When planning and designing surveys, along with the content types we need to consider various design features that may have a substantial and differential impact on both data quality and the cost of a survey. There are several steps to follow keeping in mind the survey content, structure, and question types. The following seven steps provide a solid foundation in item design and best practices for the creation of robust and high-impact surveys:

Step 1: Determine the survey goals and objectives

The goal of a survey, which is related to the study purpose, should be a broad statement that explains what the investigator wants to achieve. The process begins by writing an overall goal. Then the concept is broken down into multiple measurable objectives. Objectives are essential to provide a framework for asking the right questions.

Step 2: Define the population and sample

To make a survey reliable and representative for a study purpose, it is crucial to determine the population of interest and an ideal sample size among members of the population, assuming that the entire population will not be surveyed. A population refers to an entire group of people to be studied, whereas a sample is only a subset of the population being studied [5]. When a sample is not reflective of the population, this may threaten external validity, specifically population validity, or if it is too small, we cannot gain reliable insights. Using a correct survey sample size reduces sampling bias, which is important to provide generalizability of findings. The key questions in this step require answering questions such as “What is the population that I would like to survey?” “Who will participate in the survey? And how many people should my sample consist of?”

Two types of sampling may be considered, probability and non-probability sampling. With probability sampling, every single individual within the target group (which can be either random or representative) has an equal chance of being selected for the survey. Some common types of probability sampling techniques include simple random sampling, systematic sampling, stratified sampling, cluster sampling, multistage sampling, and systematic random sampling [23,24,25,26]. Probability sampling techniques have the advantage of ensuring that the sample is representative of the entire population. As a result, validity is ensured for the statistical conclusions. Non-probability sampling (also known as non-random sampling) involves the process of selecting a sample group on the basis of judgment or the convenience of accessing data. Not everyone has an equal chance to participate in a study. Therefore, this type of sampling may not accurately represent the population.. The most common non-probability types include convenience sampling, quota sampling, purposive sampling, snowball sampling, and voluntary sampling [27, 28]. Non-probability sampling’s biggest advantage is cost-effectiveness and time-effectiveness compared to probability sampling but risks a lower level of generalization of study findings, including difficulties in estimating sampling variability and identifying possible bias [29]. Surveys that are submitted to the SONPM use convenience sampling by accessing the large database of practicing neonatologists and accepting information from those who chose to take the survey.

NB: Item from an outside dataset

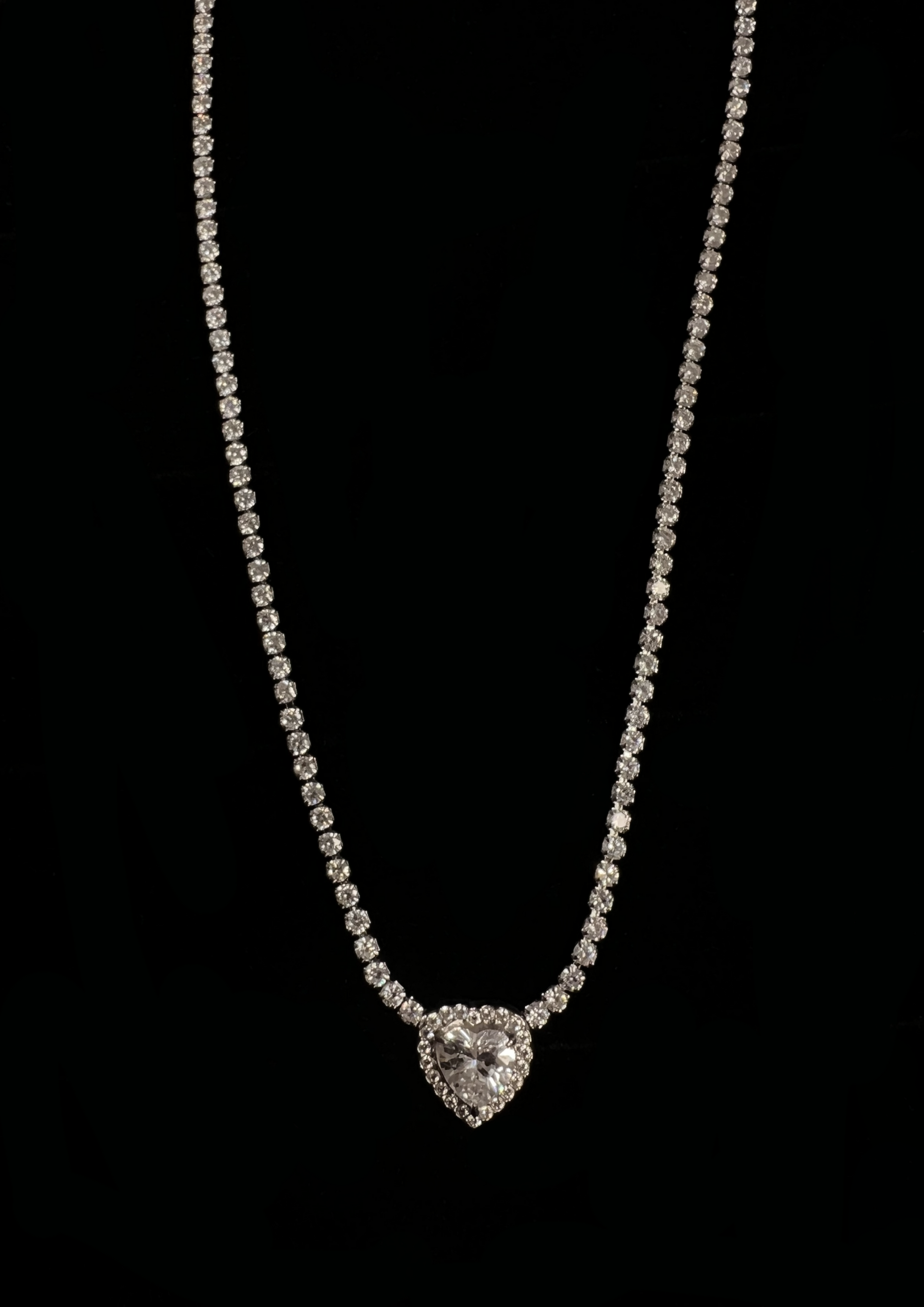 Collana girocollo a catena tennis, un vero e proprio abbraccio di luce per il tuo collo. Un pendente a forma di cuore, incorniciato da piccoli zirconi bianchi, spicca al centro. La chiusura a scorrimento (o "zip") permette di regolare facilmente la lunghezza per adattarla perfettamente al tuo stile. Disponibile in acciaio inossidabile color argento e oro, questa collana è perfetta per aggiungere un tocco romantico e brillante al tuo stile, sia per un'occasione speciale che per tutti i giorni.

Step 3: Determine “exactly” how you plan to use the data

Survey data provide valuable insight to make decisions from multiple perspectives of stakeholders. During the survey planning stage, it is important to know how data will be used and/or analyzed (qualitative or quantitative). Knowing exactly which data will answer your bigger questions will be a roadmap for how to analyze the data and distribute the results through appropriate channels and reports. If parts of the survey data will not be used or will not benefit the research purpose, it is better to eliminate those segments of the survey.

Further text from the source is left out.